_Rate limiting restricts the flow of requests that a server will accept in a time window. Whenever a caller exceeds this limit within this period, the rate limiter denies any excess requests, preventing them from ever reaching our server.
_Many modern applications delegate rate limiting to edge components such as API gateways or reverse proxies, which can efficiently enforce limits before traffic reaches backend services.
Here we will focus on designing a standalone rate limiter that is integrated into or called by application servers directly.
Question needs to be clarified with interviewer?
- the number of requests and the unit of time,
- the max size of the incoming requests,
- which endpoints to rate limit,
- how to respond when rate limiting,
- how to react on rate limiter failure,
- where to locate the rate limiter,
- where to store rate-limiting state,
- whether some endpoints require different limits,
- whether to limit per account or per IP or otherwise,
- whether to institute a global rate limit,
- whether different tiers of clients should be limited differently,
- whether to impose a strict limit or allow bursts of requests, and
- which rate-limiting algorithm to use.
- what should be the recovery time of rate limiting failure.
Functional Requirements
- We should be able to add different limit values for different APIs per minutes or hours(rate limiting state)

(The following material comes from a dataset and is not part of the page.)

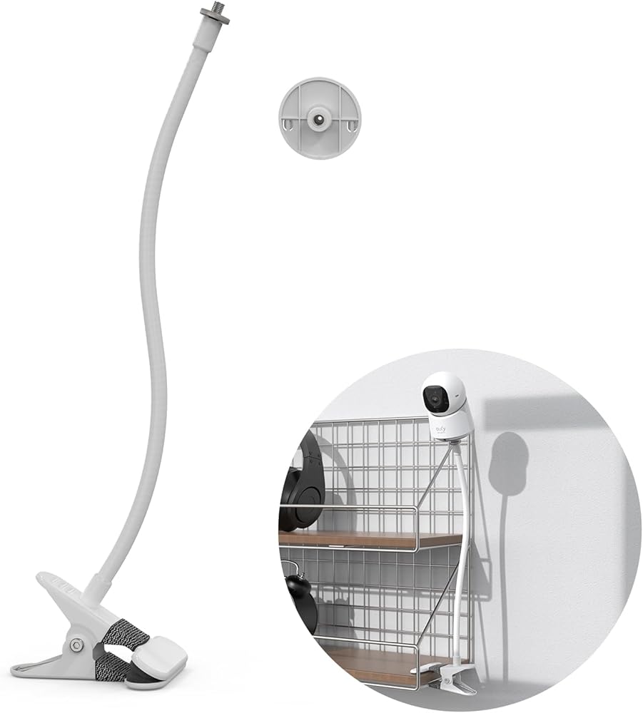 OkeMeeo Clamp Mount for eufy Indoor Cam C210, No Drill Camera Mount (15.7'' Gooseneck Camera Mount, White, 1 Pack)

- _In-memory storage:Not persistent across application restarts, limited scalability., Small-scale applications with low traffic.
- _Centralized store: add latency and create potential bottleneck in our system, and run the risk of race conditions.

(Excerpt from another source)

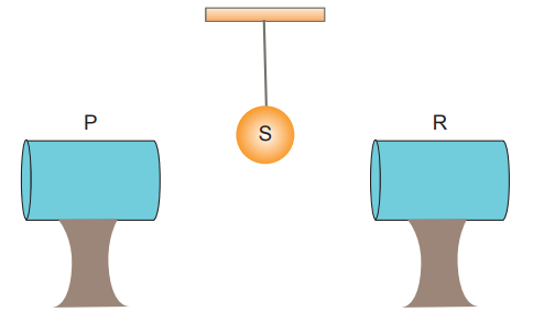 Başlangıçta nötr olan P ve R levhalarının arasına negatif yüklü S küresi etkileşmenin olabileceği şekilde yerleştiriliyor.

- _Distributed storage: Increased complexity, potential for data consistency issues. we can scale out horizontally to multiple stores, hence no bottleneck in our system. But this means we will have to synchronize state across all the stores. We can use Raft consensus algorithm to achieve the same.we must update the state in all other stores. And given the delay in updating state across all instances, we introduce the possibility of inaccuracies in rate-limiting state. Depending on the use case, these inaccuracies may or may not be tolerable.
- Redis: highly scalable in-memory data store
- Mem cached: - A distributed memory object caching system.
- The user should be able to set recovery time after limit is reached for each APIs based on API uses sensitivity
- Use an algorithm like a leaky bucket for building rate limiter
- Add user level based on user subscription
- Handle errors gracefully after the limit is reached.
- _Block request with 429(too many request) or 503(Service unavailable)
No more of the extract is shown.